What the task requires.
In the data below, find the line containing "05.01.26. 9Б сынып" and the line containing "洗眼泉位于灵官庙正下方,泉水", then reproduce them and every line between, exactly. Omit pictures.

Data extract.

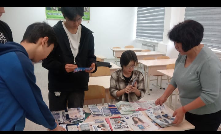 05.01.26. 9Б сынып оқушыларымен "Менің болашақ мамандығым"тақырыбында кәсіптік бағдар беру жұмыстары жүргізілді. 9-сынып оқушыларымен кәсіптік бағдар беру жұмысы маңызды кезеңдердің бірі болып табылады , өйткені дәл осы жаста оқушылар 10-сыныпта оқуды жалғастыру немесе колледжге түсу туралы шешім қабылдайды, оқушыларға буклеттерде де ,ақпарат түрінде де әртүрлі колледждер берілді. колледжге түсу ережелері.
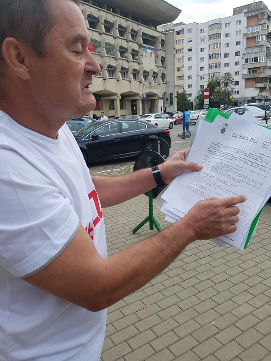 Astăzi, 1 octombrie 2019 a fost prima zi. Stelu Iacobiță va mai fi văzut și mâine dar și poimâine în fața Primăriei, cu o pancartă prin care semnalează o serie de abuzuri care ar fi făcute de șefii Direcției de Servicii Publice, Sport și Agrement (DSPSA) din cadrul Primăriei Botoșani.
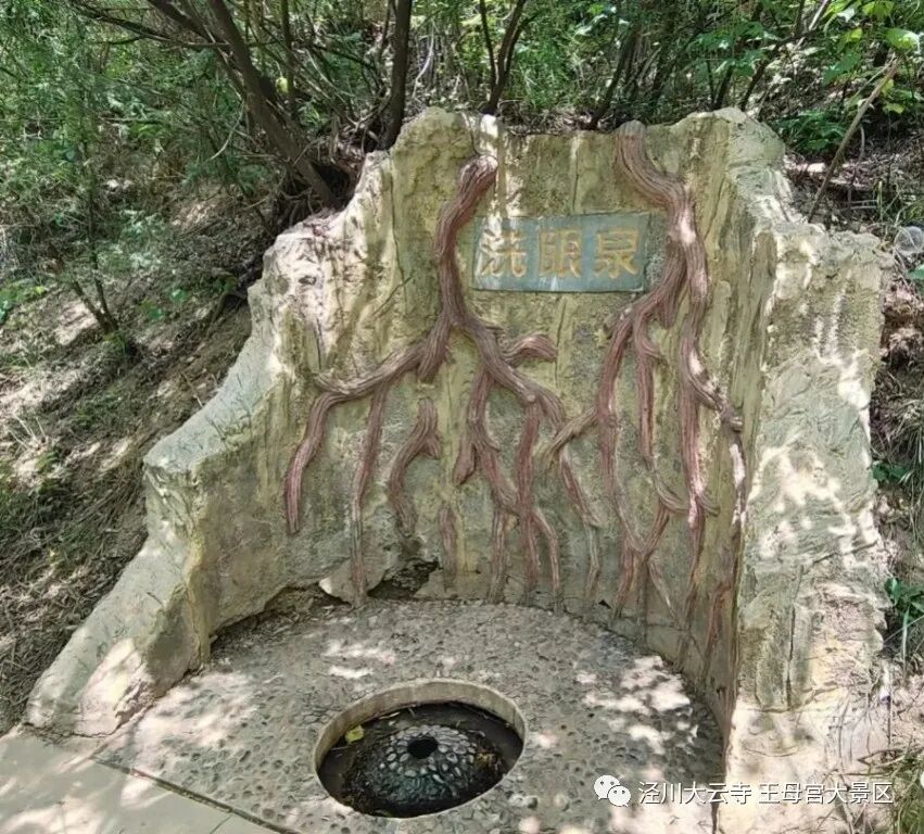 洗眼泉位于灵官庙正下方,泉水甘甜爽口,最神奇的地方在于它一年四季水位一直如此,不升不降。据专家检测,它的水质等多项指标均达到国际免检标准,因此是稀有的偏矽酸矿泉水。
* * *
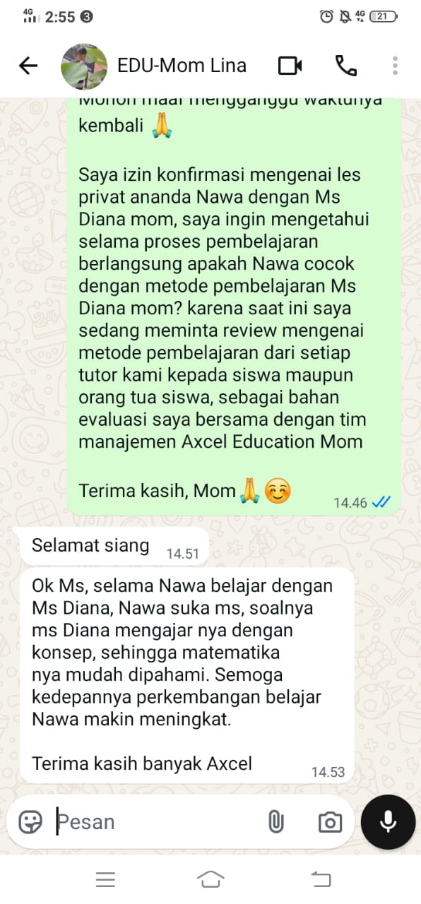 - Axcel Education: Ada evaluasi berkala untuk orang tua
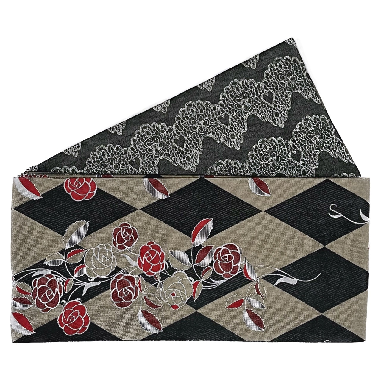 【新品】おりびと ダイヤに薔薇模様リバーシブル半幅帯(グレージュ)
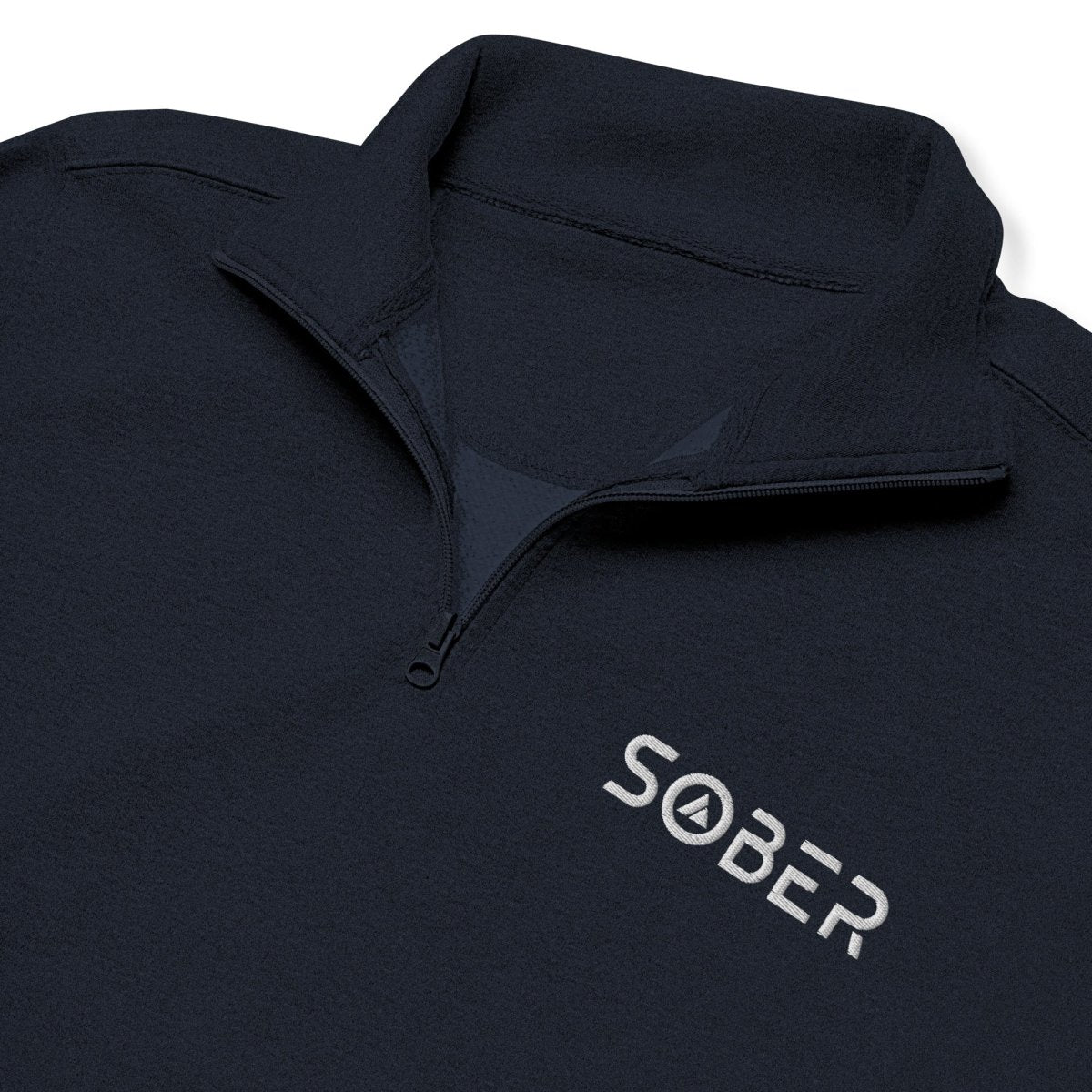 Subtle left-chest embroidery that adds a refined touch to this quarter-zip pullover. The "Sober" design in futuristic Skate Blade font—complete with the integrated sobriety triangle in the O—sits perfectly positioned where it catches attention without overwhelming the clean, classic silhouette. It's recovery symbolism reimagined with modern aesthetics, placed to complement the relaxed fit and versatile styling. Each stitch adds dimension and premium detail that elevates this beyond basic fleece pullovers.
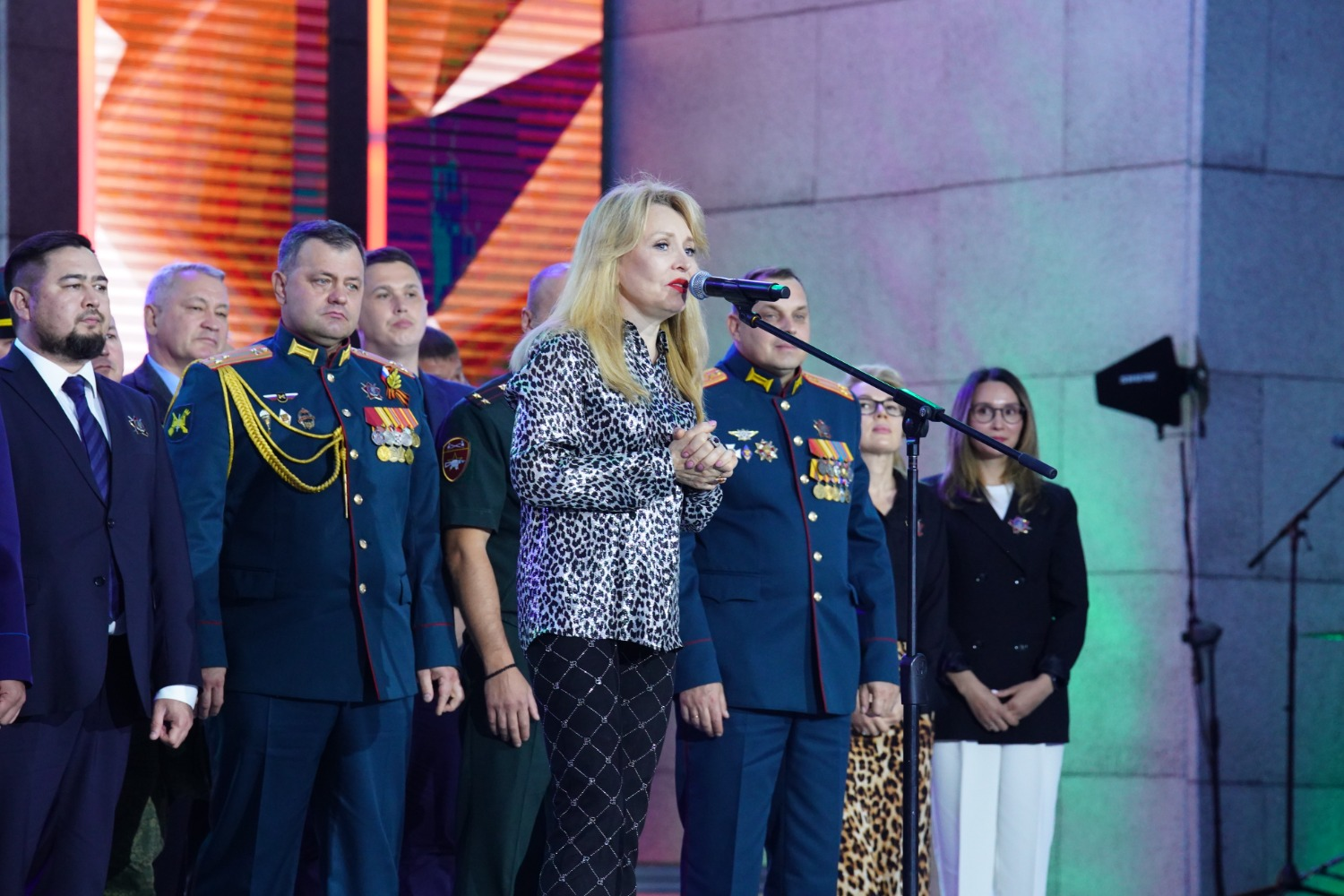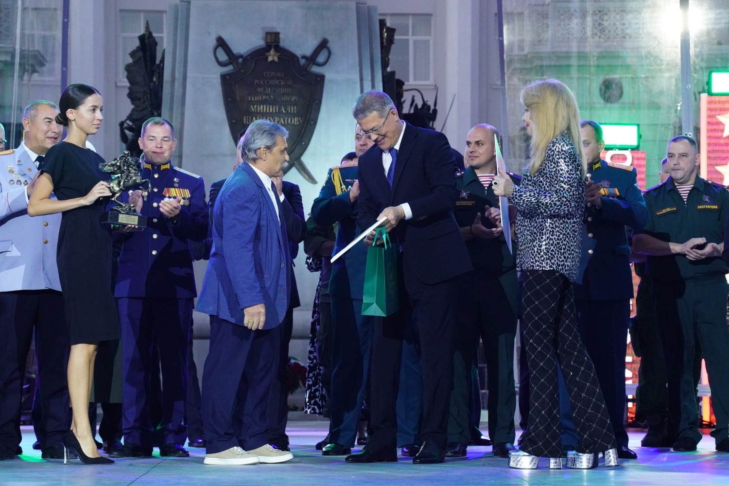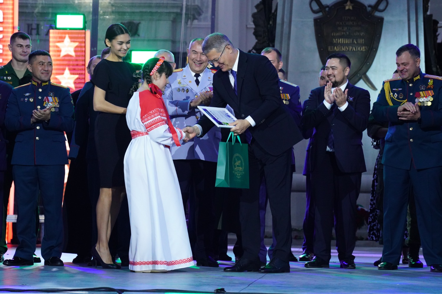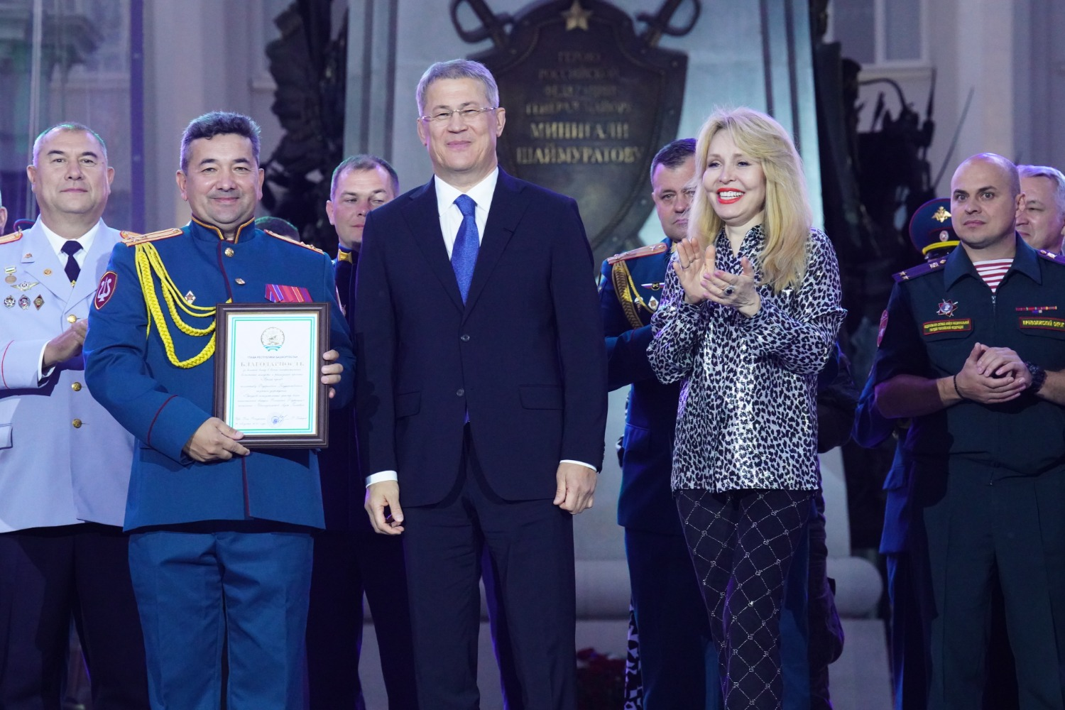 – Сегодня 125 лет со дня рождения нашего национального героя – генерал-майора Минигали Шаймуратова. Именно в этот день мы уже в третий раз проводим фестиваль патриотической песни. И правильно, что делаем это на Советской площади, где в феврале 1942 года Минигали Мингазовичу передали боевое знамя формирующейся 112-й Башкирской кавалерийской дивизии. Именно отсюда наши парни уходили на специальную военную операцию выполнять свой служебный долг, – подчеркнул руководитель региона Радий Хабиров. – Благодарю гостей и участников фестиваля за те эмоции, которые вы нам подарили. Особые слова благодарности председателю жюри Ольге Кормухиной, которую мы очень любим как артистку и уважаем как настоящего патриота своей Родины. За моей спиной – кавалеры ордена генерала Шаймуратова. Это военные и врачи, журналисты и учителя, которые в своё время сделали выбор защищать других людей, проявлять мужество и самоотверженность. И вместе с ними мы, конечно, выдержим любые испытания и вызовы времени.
==
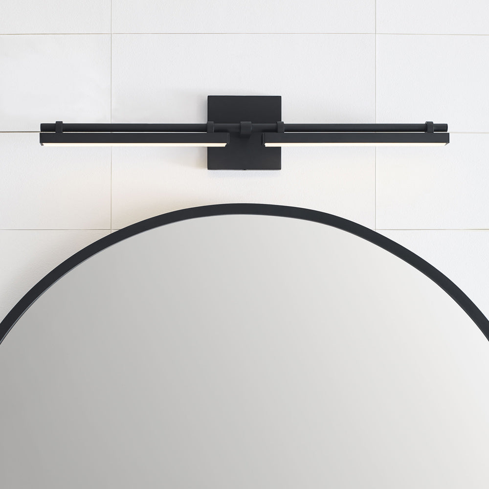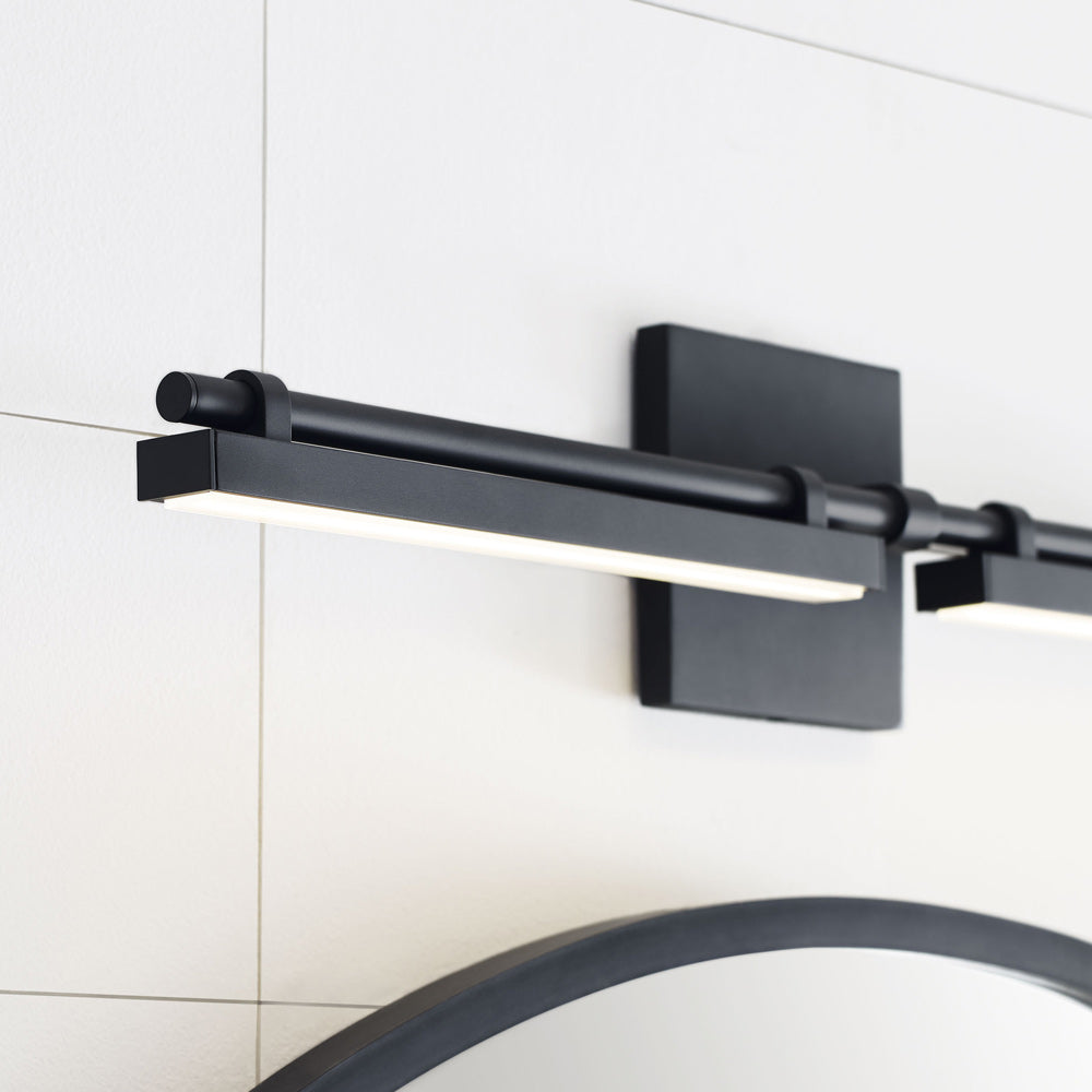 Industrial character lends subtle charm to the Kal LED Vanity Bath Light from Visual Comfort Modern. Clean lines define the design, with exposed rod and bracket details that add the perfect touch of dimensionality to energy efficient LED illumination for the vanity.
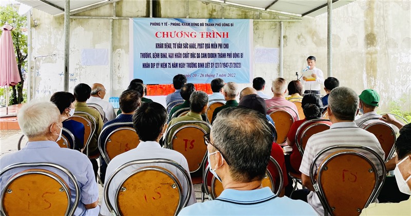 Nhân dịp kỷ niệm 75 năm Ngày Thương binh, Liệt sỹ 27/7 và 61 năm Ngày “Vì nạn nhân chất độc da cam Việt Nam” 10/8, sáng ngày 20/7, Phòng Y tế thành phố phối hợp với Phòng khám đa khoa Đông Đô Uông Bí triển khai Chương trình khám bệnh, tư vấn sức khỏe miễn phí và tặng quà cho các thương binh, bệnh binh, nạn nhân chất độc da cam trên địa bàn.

Result below.
 05.01.26. 9Б сынып оқушыларымен "Менің болашақ мамандығым"тақырыбында кәсіптік бағдар беру жұмыстары жүргізілді. 9-сынып оқушыларымен кәсіптік бағдар беру жұмысы маңызды кезеңдердің бірі болып табылады , өйткені дәл осы жаста оқушылар 10-сыныпта оқуды жалғастыру немесе колледжге түсу туралы шешім қабылдайды, оқушыларға буклеттерде де ,ақпарат түрінде де әртүрлі колледждер берілді. колледжге түсу ережелері.
 Astăzi, 1 octombrie 2019 a fost prima zi. Stelu Iacobiță va mai fi văzut și mâine dar și poimâine în fața Primăriei, cu o pancartă prin care semnalează o serie de abuzuri care ar fi făcute de șefii Direcției de Servicii Publice, Sport și Agrement (DSPSA) din cadrul Primăriei Botoșani.
 洗眼泉位于灵官庙正下方,泉水甘甜爽口,最神奇的地方在于它一年四季水位一直如此,不升不降。据专家检测,它的水质等多项指标均达到国际免检标准,因此是稀有的偏矽酸矿泉水。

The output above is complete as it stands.